Le Psalmiste fait référence à tout cela pour parler du salut, de la libération, du rétablissement du destin, du retour de l’exil. La déportation à Babylone, comme toute autre situation de souffrance et de crise, avec son obscurité douloureuse faite de doutes et d’un éloignement apparent de Dieu, est en réalité, dit notre Psaume, comme des semailles. Dans le Mystère du Christ, à la lumière du Nouveau Testament, le message se fait encore plus explicite et clair: le croyant qui traverse cette obscurité est comme le grain de blé tombé en terre qui meurt, mais pour donner beaucoup de fruit (cf. Jn 12, 24); ou bien, en reprenant une autre image chère à Jésus, il est comme la femme qui souffre des douleurs de l’accouchement pour pouvoir parvenir à la joie d’avoir donné le jour à une nouvelle vie (cf. Jn 16, 21).

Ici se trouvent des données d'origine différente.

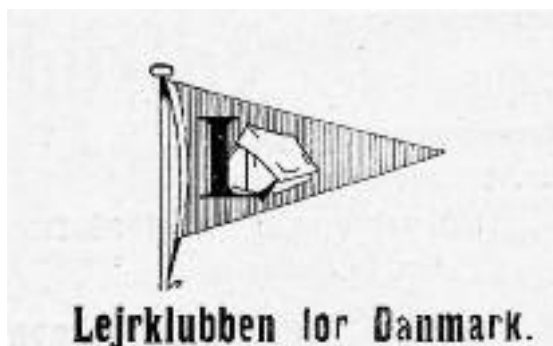
LD's bomærke og standerflag. (Lejrspport, 1935)

en lokal bonde om benyttelse af en strandgrund ved Hundige Strand. Efter en periode under primitive lejrforhold udvidedes Hundige Lejrens faciliteter i starten af 1930'erne så meget, at lejrbrugere i stadig højere grad kom til at omfatte børnefamilier, der boede i lejren gennem hele sommerperioden, hvorfra manden cyklede eller senere tog DSB-rutebilen til fabrik eller kontor i hovedstaden.
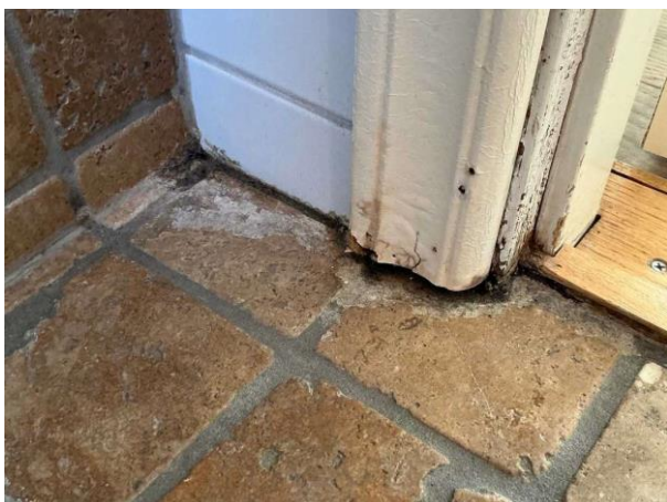
Bild 7: - Invändigt, Övervakning, Renovering ca 2012 Begränsat besiktat under badkar via lucka Röret under badkaret har lossnat oc...
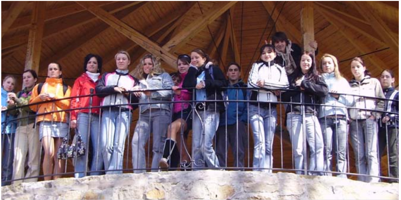
Jazykový projekt Socrates v Poľsku

považujeme fakt, že používaním dvoch rodných jazykov pri príprave publikácie sa nikto nebude cítiť v nevýhode a spoločne sa bude využívať tretí jazyk- anglický.
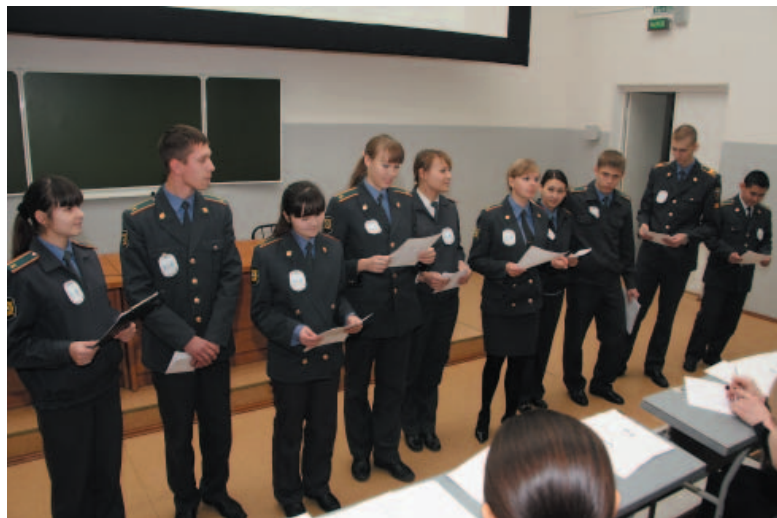
2 курс следственного факультета представляет свою команду

15 декабря 2009 года в лекционном зале № 1 Омской академии произошло одно из интереснейших событий в жизни курсантов и студентов нашего учебного заведения.
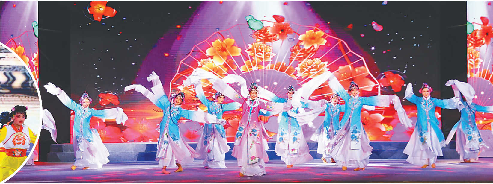
五月十八日晚,“活力新定安 琼韵醉古城”琼剧主题晚会在定安县定城镇拉开帷幕。
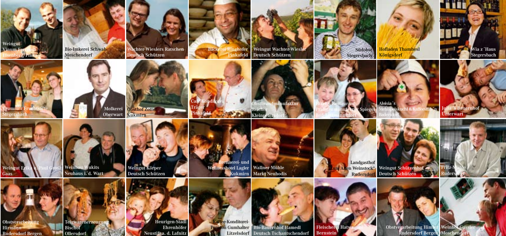
Weingut Vinum Ferratum Eisenberg/Pinka
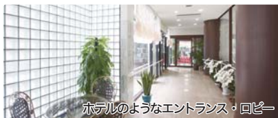
ホテルのようなエントランス・ロビー
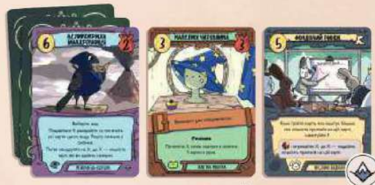
51 карта основної колоди 27 карт мешканців (по 9 ворон, жаб і кроликів) 12 карт манаток (по 4 воронячих, жаб'ячих і кролячих) 12 карт будівель (по 4 воронячих, жаб'ячих і кролячих)
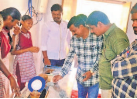
వెల్పల్లి: బండపాపాన్ పబ్లికో సైన్స్ ఎగ్జిబిషన్ను తిలకిస్తున్న ఉపాధ్యాయులు

విజ్ఞానం అనంతమైనది. ఎంత తెలుసుకున్నా ఈ విశాల ప్రపంచంలో తెలియని విషయాలు ఎన్నో ఉంటాయి. శాస్త్ర అభివృద్ధి అంతా మానవుని వైజ్ఞానిక మేధో సంపత్తి, మానవ జీవితంలో పచ్చిన ప్రతి మారు విజ్ఞాన ఫలితమే. శాస్త్ర సాంకేతిక వైపుకొని ఉపయోగించి మానవుడు కనుగొన్న అత్యధునిక సౌకర్యాన్ని మానవ మనుగడను ఎంతో సుఖవంతం చేశాయి అని విద్యార్థికులు, ఉపాధ్యాయులు తెలిపారు. జాతీయ సైన్స్ దినోత్సవం పురస్కరించుకొని శుభ్రవారం జిల్లా వ్యాప్తంగా ఆయా పాఠశాలల్లో చంద్రశేఖర్ వెంకటరామన్ జయంతి సందర్భంగా ఆయన చిత్రపటానికి పూలమాలలు వేసి, వారి సేవలు కొనియాడారు. రామన్ ఎఫ్ఎస్ కనిపెట్టిన రోజును పురస్కరించుకొని ప్రతి సంవత్సరం జాతీయ సైన్స్ దినోత్సవంగా భారత ప్రభుత్వం ప్రకటించిస్తున్న వారు తెలిపారు. సైన్స్ మేళాను ప్రదర్శించారు.
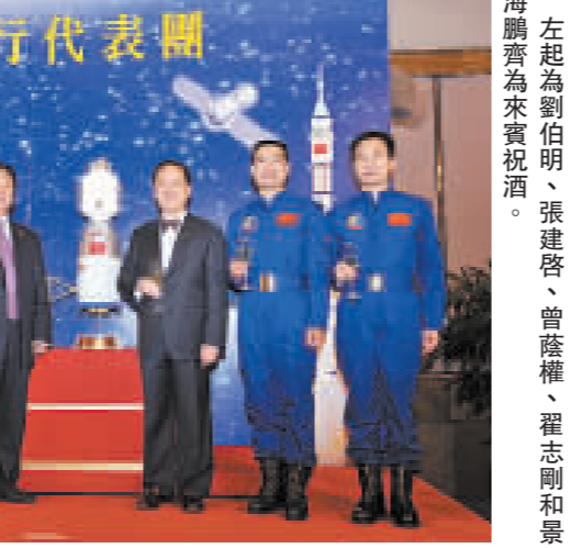
左起為劉伯明、張建啓、曾蔭權、翟志剛和景海鵬為來賓祝酒。

代表團團長、中國載人航天工程副總指揮張建啓表示，是次他們一來香港，就陷入歡樂的海洋，可見香港同胞和祖國人民的心是連在一起的，他感謝香港市民對他們的盛情歡迎。
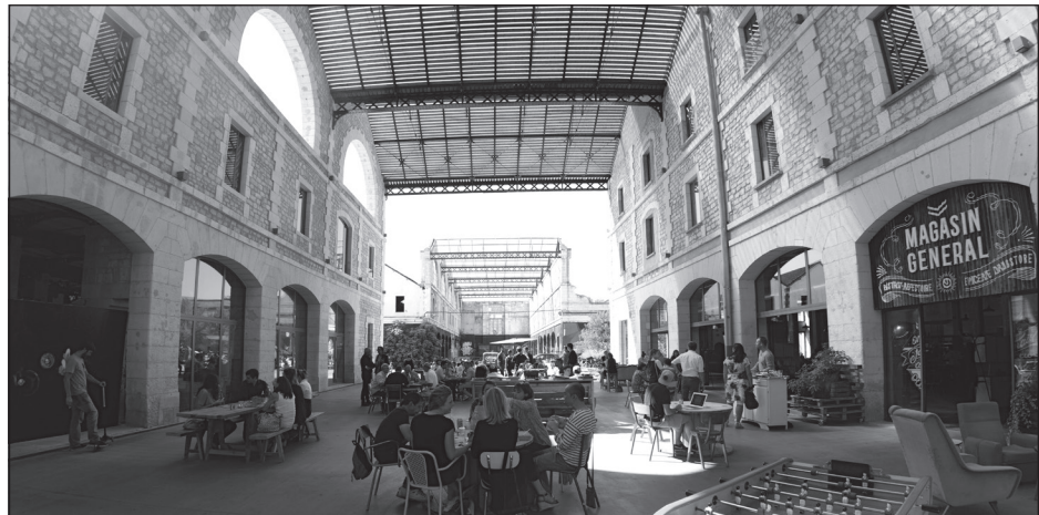
Doc. 2 Le restaurant du projet Darwin.

À Darwin, tout le monde peut venir manger au restaurant, acheter des produits biologiques, faire réparer ou acheter un vélo, pratiquer le skate ou louer un bureau pour installer sa petite entreprise.

Chers frères et sœurs, ce Psaume nous enseigne que, dans notre prière, nous devons rester toujours ouverts à l’espérance et solides dans la foi en Dieu. Notre histoire, même si elle est souvent marquée par la douleur, par des incertitudes, par des moments de crise, est une histoire de salut et de «rétablissement du sort». En Jésus, chaque exil finit et chaque larme est séchée, dans le mystère de sa Croix, de la mort transformée en vie, comme le grain de blé qui s’ouvre dans la terre et qui devient épi. Pour nous aussi cette découverte de Jésus Christ est la grande joie du «oui» de Dieu, du rétablissement de notre sort. Mais comme ceux qui — revenus de Babylone pleins de joie — ont trouvé une terre appauvrie, dévastée, ainsi que la difficulté des semailles et qui ont souffert en pleurant, ne sachant pas si réellement la récolte aurait eu lieu à la fin, nous aussi, après la grande découverte de Jésus Christ — notre vie, la vérité, le chemin — en entrant dans le terrain de la foi, dans la «terre de la foi», nous trouvons aussi souvent une vie sombre, dure, difficile, des semailles de larmes, mais dans l’assurance que la lumière du Christ nous donne, à la fin, réellement, la grande récolte. Et nous devons apprendre cela également lors des nuits sombres; ne pas oublier que la lumière existe, que Dieu est déjà au milieu de notre vie et que nous pouvons semer avec la grande confiance que le «oui» de Dieu est plus fort que nous tous. Il est important de ne pas perdre ce souvenir de la présence de Dieu dans notre vie, cette joie profonde que Dieu est entré dans notre vie, en nous libérant: c’est la gratitude pour la découverte de Jésus Christ, qui est venu à nous. Et cette gratitude se transforme en espérance, elle est l’étoile de l’espérance qui nous donne la confiance, elle est la lumière, car précisément les douleurs des semailles sont le début d’une nouvelle vie, de la joie de Dieu grande et définitive.

* * *

Je suis profondément attristé par les épisodes de violences qui ont été commis au Caire dimanche dernier. Je m'unis à la douleur des familles et à tout le peuple égyptien, déchiré par les tentatives de porter atteinte à la coexistence pacifique entre ses communautés. J'exhorte les fidèles à prier afin que cette société jouisse d'une paix véritable, basée sur la justice, sur le respect de la liberté et de la dignité de chaque citoyen. Je soutiens, en outre, les efforts des autorités civiles et religieuses égyptiennes, en faveur d'une société dans laquelle soient respectés les droits humains de tous et, en particulier, des minorités, au bénéfice de l'unité nationale.

 

Je salue les pèlerins francophones, particulièrement les Petites Sœurs de Jésus réunies en Chapitre général, les Servants de Messes de Monthey, et les groupes venus de France, spécialement de la Guadeloupe et de Guyane. Chers amis, notre existence, souvent marquée par des incertitudes, est une histoire de salut et de libération. Puissions-nous marcher avec Jésus vers la maison du Père, notre vraie patrie et chanter avec la Vierge Marie les merveilles de Dieu dans notre vie ! Je vous bénis de grand cœur.